# WHAT IS NEEDED
Write out again the lines from the line with "國(guó)家統(tǒng)" up to and including the line with "博士后在站期间,医院提供一次性科研启动经费:10万元/人。", exactly as they stand below, and skip any picture.

# DATA TO USE
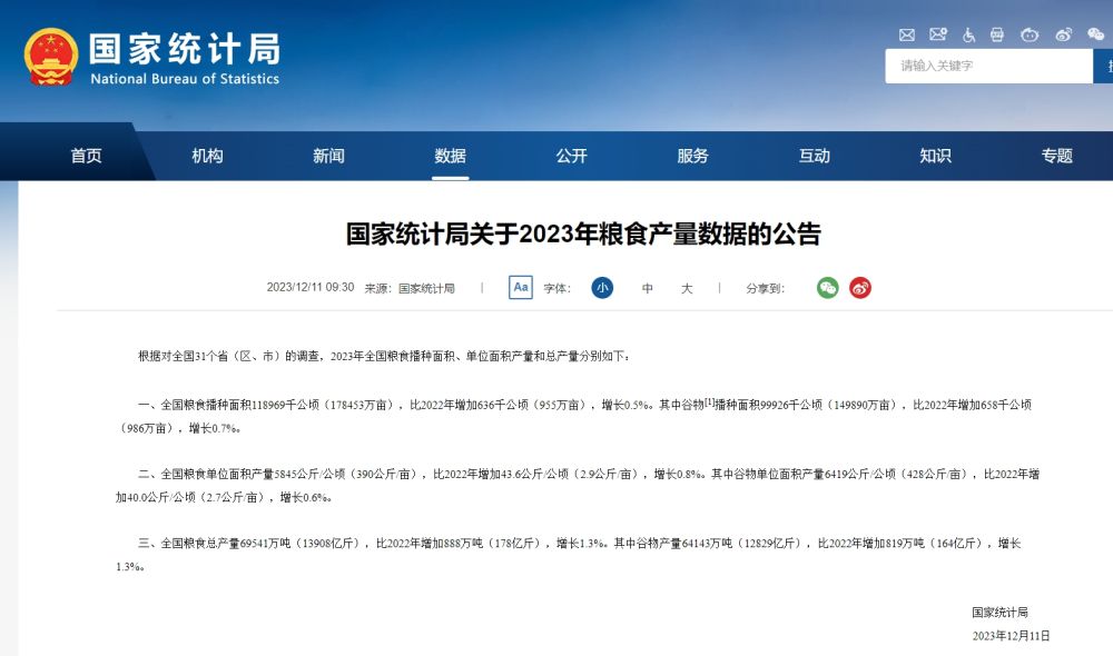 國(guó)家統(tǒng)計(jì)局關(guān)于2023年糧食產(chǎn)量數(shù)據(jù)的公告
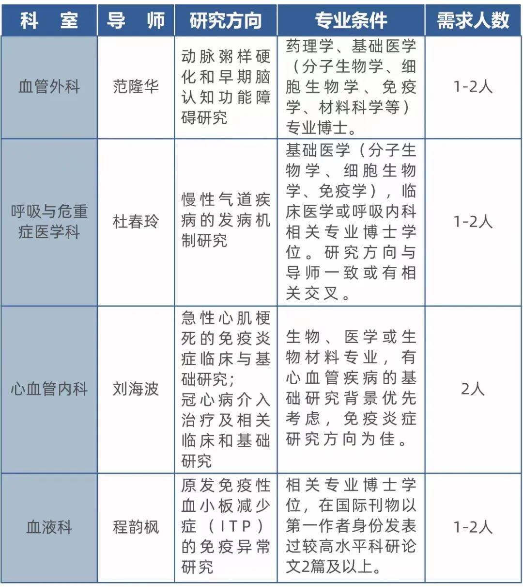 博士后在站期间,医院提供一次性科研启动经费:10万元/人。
--
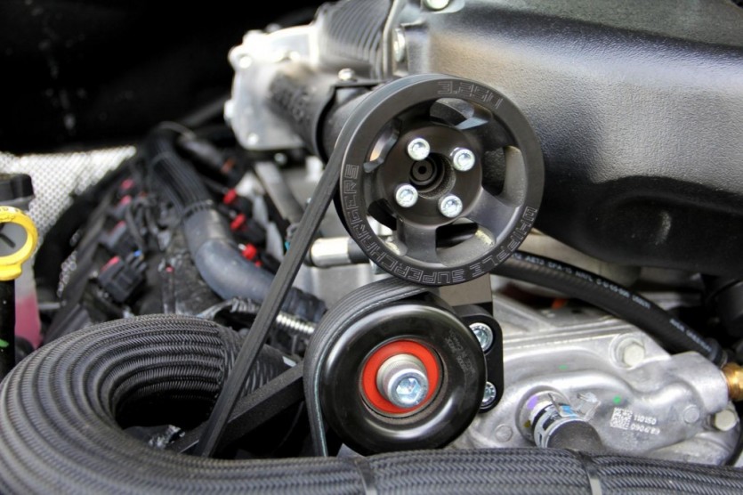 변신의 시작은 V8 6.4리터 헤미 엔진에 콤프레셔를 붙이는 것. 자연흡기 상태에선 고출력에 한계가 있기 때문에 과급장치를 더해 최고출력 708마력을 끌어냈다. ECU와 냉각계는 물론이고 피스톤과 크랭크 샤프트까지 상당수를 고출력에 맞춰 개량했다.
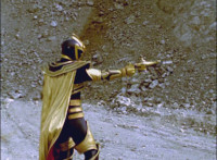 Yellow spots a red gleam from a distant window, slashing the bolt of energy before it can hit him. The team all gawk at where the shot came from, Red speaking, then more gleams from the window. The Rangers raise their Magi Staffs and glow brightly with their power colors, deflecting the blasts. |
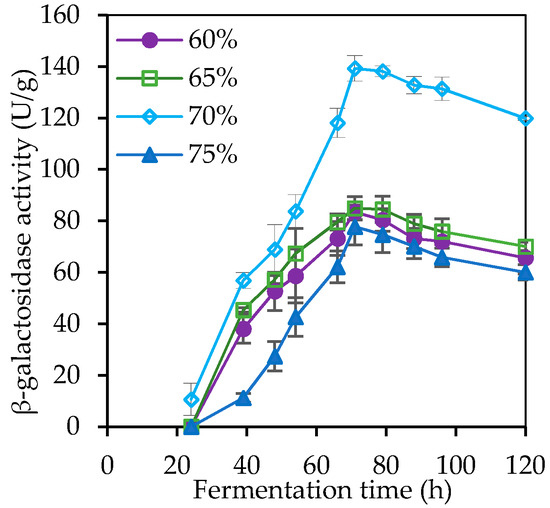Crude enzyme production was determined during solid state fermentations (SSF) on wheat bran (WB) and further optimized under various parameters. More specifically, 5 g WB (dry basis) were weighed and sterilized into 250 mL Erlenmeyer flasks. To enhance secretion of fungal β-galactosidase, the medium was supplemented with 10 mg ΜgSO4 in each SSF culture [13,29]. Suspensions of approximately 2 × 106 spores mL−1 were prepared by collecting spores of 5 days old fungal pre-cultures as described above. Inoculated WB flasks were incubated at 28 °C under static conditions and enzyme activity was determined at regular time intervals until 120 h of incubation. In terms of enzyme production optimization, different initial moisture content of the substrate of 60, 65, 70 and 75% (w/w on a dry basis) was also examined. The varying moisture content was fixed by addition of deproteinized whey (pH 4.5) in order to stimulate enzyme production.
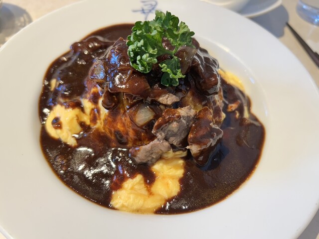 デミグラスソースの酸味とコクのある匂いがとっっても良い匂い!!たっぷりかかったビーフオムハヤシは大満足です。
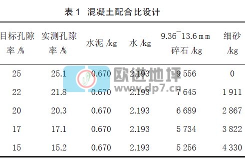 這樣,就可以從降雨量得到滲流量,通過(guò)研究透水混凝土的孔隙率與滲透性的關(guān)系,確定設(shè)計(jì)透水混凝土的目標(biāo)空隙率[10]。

# TASK ANSWER
 國(guó)家統(tǒng)計(jì)局關(guān)于2023年糧食產(chǎn)量數(shù)據(jù)的公告
 博士后在站期间,医院提供一次性科研启动经费:10万元/人。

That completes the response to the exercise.